**Problem requirements:** Under this line are records; the part from the line containing "NUR 211 FINAL" through the line containing "貯水池の真ん中付近までやってきて堤体が見え始めました。" should be repeated exactly. Please exclude pictures.
---+---
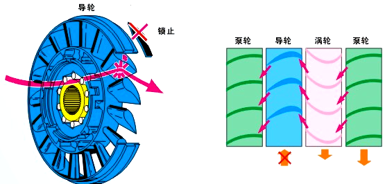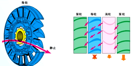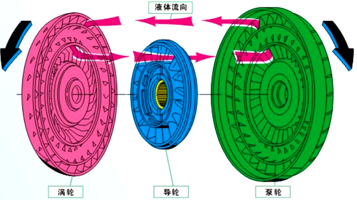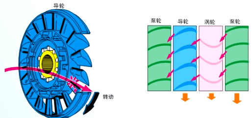 1.前面提到的液力偶合器,只有两个叶轮是不能够实现增大扭矩功能的。导轮的引入使发动机扭矩的增大成为可能。这样,液力偶合器就成了变矩器。
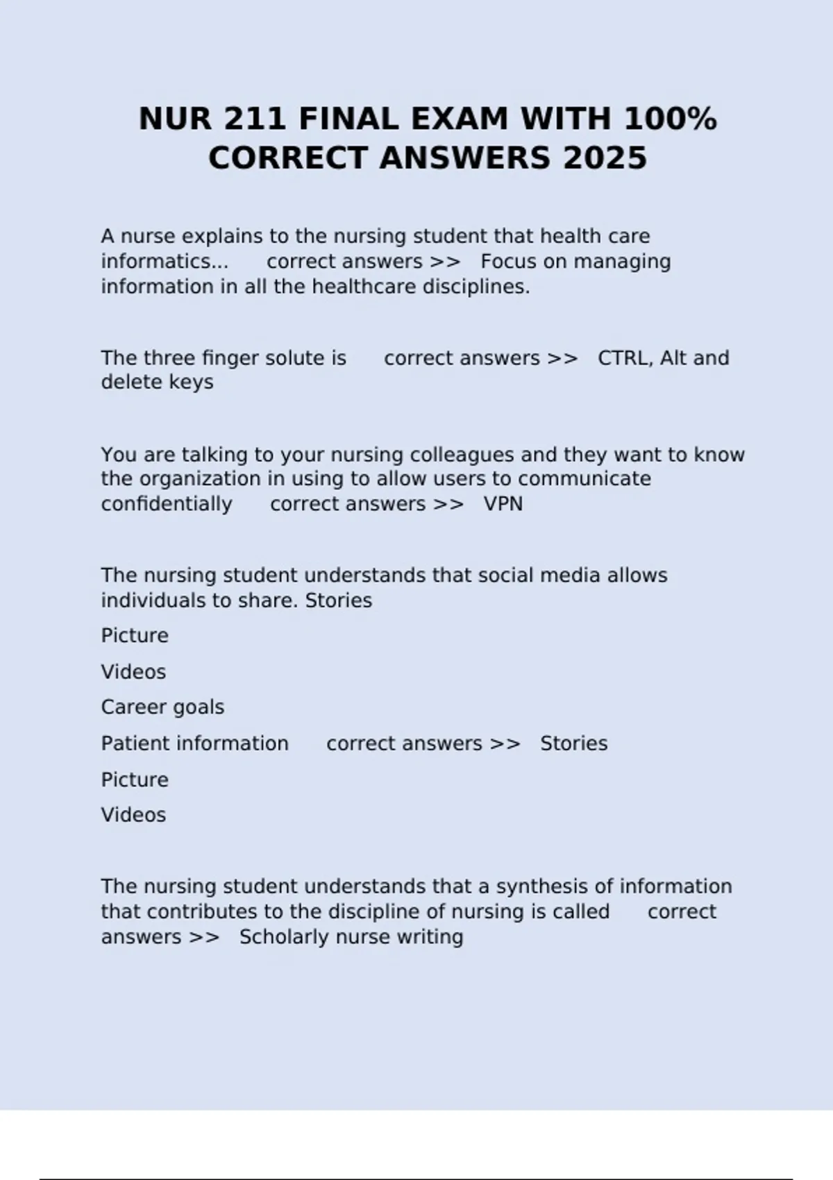 NUR 211 FINAL EXAM WITH 100% CORRECT ANSWERS 2025
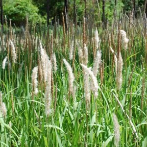 • Leaves are 1⁄2 to 1 inch wide and 1 to 5 feet tall. Leaf margins are finely serrated (rough). The leaves are often yellowish green (figure 2) with a whitish midrib that may be off-center, especially near the base of the leaves. Leaves turn a distinctive reddish tan color in winter (figure 3).
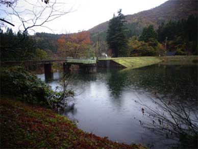 貯水池の真ん中付近までやってきて堤体が見え始めました。
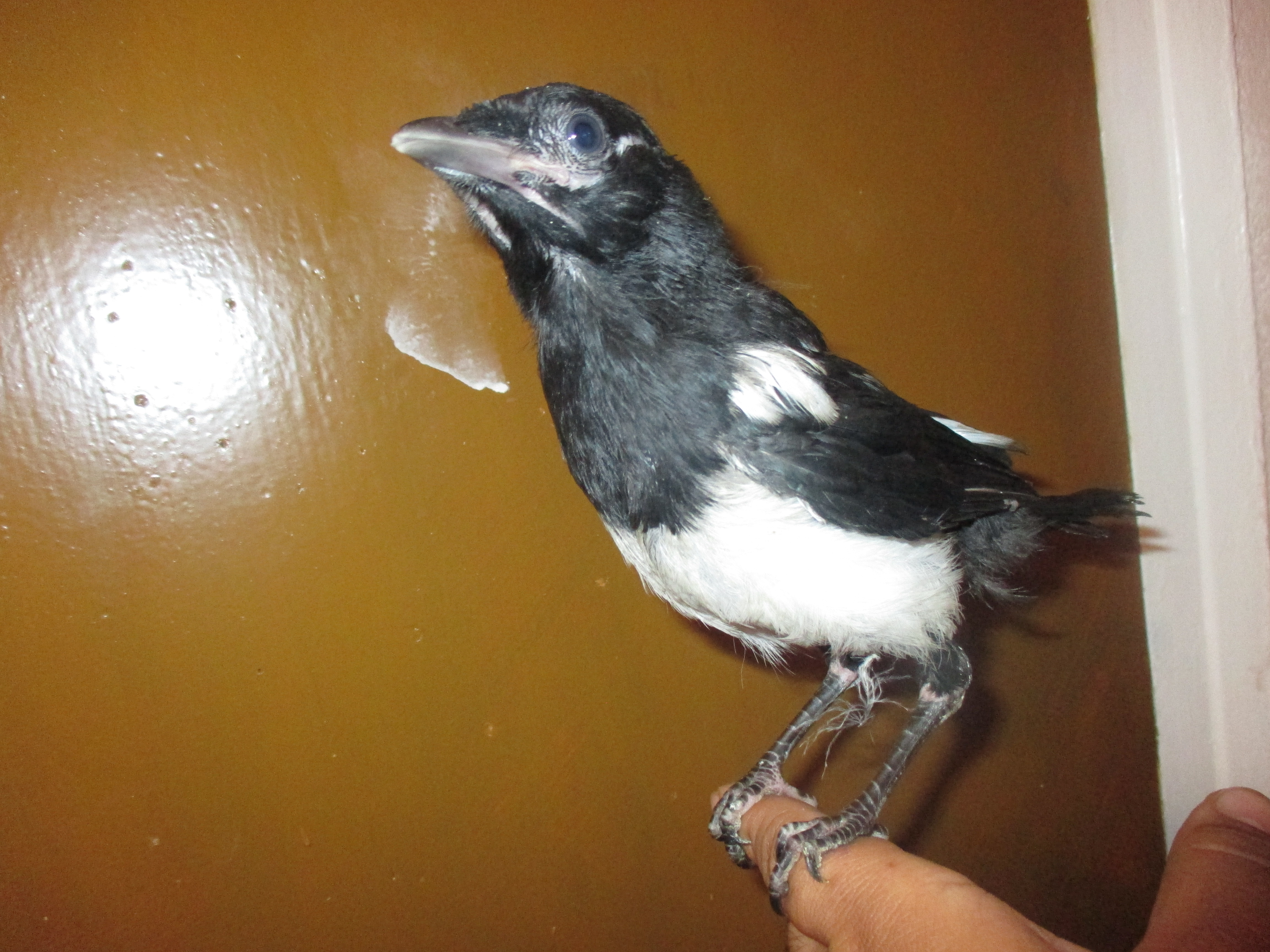 Bueno compañeros, voy a presentaros a Pica un pichón de urraca que encontré en muy malas condiciones en la calle al lado de una carretera. Habrá quien piense que hice bien, habrá quien piense que hice mal, pero en las condiciones que estaba dejarla ahí era dejarle morir sin duda. Si hubiese podido apoyarse o volar un poco, la hubiese dejado en el árbol pero nada. Soy el primer partidario como sabéis de echar los pajaros al árbol, pero también hay que saber decidir cuando un ave esta literalmente mal. Me la lleve a casa y le puse una mantica de calor de reptiles pues no tenía otra cosa, estubo a punto de palmarla por eso no lo colgué antes. Le daban unas combulsiones muy raras, pero bueno, con mimo, buena alimentación y cariño hoy esta sana y fuerte, empieza sus primeros vuelos después de 2 semanitas o así, también empieza a picotear y bueno¡ allá van unas foticos¡.
---+---
**Worked solution:**
 NUR 211 FINAL EXAM WITH 100% CORRECT ANSWERS 2025
 • Leaves are 1⁄2 to 1 inch wide and 1 to 5 feet tall. Leaf margins are finely serrated (rough). The leaves are often yellowish green (figure 2) with a whitish midrib that may be off-center, especially near the base of the leaves. Leaves turn a distinctive reddish tan color in winter (figure 3).
 貯水池の真ん中付近までやってきて堤体が見え始めました。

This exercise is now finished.